== Raw data ==
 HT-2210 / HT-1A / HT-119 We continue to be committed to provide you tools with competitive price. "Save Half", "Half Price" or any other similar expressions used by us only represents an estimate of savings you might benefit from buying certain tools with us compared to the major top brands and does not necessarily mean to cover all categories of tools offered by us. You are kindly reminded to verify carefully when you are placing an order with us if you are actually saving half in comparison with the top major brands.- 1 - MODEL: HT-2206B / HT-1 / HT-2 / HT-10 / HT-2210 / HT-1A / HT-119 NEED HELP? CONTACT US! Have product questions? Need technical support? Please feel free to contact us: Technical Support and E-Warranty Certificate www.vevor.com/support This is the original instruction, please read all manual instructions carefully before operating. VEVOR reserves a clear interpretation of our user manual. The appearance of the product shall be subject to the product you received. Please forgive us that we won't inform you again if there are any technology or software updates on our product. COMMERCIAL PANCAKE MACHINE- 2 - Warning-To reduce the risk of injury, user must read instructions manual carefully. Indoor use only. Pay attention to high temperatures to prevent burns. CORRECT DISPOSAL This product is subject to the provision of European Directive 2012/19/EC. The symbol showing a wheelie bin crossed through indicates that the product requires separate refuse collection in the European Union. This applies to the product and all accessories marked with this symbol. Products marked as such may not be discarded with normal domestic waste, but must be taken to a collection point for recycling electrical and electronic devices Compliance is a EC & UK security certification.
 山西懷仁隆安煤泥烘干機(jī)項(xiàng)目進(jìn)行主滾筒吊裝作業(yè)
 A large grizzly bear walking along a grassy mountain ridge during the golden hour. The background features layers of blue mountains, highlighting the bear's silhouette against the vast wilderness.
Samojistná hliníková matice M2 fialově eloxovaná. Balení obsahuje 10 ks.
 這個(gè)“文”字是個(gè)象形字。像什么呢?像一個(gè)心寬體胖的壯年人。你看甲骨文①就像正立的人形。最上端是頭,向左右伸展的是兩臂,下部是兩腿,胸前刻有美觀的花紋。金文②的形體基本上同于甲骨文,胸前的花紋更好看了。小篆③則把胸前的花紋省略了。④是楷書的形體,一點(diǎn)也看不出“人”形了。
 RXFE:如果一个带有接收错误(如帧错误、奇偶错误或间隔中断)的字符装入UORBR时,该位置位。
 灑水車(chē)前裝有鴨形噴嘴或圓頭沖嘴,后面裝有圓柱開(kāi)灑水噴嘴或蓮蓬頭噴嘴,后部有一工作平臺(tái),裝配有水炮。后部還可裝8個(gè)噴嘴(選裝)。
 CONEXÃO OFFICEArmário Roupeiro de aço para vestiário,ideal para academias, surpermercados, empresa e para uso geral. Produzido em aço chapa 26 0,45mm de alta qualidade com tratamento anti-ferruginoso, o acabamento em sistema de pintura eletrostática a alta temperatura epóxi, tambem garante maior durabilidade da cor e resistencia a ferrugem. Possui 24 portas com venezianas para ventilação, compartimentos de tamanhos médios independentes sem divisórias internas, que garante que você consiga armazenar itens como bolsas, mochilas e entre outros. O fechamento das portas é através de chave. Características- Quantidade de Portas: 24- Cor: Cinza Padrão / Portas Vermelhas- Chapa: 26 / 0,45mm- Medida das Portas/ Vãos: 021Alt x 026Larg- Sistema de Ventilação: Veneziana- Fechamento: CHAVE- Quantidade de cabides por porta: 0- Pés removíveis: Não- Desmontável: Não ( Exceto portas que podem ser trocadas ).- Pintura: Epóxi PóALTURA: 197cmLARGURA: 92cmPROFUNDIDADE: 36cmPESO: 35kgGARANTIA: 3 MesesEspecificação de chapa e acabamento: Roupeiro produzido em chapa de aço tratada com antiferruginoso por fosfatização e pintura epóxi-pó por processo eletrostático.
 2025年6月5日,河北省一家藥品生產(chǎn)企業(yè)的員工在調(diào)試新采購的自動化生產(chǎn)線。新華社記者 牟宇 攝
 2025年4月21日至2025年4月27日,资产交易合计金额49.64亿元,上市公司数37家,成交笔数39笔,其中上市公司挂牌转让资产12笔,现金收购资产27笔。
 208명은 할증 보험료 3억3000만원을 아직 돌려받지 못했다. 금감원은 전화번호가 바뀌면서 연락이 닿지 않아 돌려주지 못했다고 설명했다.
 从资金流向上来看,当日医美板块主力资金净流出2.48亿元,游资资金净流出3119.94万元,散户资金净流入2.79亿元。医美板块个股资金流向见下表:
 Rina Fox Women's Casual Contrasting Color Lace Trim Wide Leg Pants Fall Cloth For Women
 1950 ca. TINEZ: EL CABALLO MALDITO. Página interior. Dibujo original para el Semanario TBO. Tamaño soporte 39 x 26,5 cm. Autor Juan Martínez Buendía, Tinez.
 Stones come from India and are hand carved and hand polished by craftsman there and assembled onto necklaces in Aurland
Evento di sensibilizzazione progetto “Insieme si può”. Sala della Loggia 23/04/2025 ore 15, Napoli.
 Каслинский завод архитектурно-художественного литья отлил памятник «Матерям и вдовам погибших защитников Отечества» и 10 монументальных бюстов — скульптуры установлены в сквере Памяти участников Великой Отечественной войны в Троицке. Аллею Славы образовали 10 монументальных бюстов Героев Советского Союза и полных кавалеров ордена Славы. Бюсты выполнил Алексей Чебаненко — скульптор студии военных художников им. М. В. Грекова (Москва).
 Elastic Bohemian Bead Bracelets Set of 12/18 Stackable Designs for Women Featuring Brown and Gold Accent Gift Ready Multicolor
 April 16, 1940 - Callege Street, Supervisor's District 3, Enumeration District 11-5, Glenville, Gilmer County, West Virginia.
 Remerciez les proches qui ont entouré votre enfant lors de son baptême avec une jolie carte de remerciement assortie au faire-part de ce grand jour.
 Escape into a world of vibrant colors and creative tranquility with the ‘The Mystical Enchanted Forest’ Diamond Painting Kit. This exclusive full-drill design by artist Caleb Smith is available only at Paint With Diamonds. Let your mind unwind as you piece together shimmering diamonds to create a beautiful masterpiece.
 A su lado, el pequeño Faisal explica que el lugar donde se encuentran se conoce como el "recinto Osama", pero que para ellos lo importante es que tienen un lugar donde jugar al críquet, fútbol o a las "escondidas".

== What you are asked to do ==
As the answer, set down only the lines from the data above between the one holding "Каслинский завод архитектурно-художественного" and the one holding "Remerciez les proches", inclusive, exactly as they read.

== Reply to the exercise ==
 Каслинский завод архитектурно-художественного литья отлил памятник «Матерям и вдовам погибших защитников Отечества» и 10 монументальных бюстов — скульптуры установлены в сквере Памяти участников Великой Отечественной войны в Троицке. Аллею Славы образовали 10 монументальных бюстов Героев Советского Союза и полных кавалеров ордена Славы. Бюсты выполнил Алексей Чебаненко — скульптор студии военных художников им. М. В. Грекова (Москва).
 Elastic Bohemian Bead Bracelets Set of 12/18 Stackable Designs for Women Featuring Brown and Gold Accent Gift Ready Multicolor
 April 16, 1940 - Callege Street, Supervisor's District 3, Enumeration District 11-5, Glenville, Gilmer County, West Virginia.
 Remerciez les proches qui ont entouré votre enfant lors de son baptême avec une jolie carte de remerciement assortie au faire-part de ce grand jour.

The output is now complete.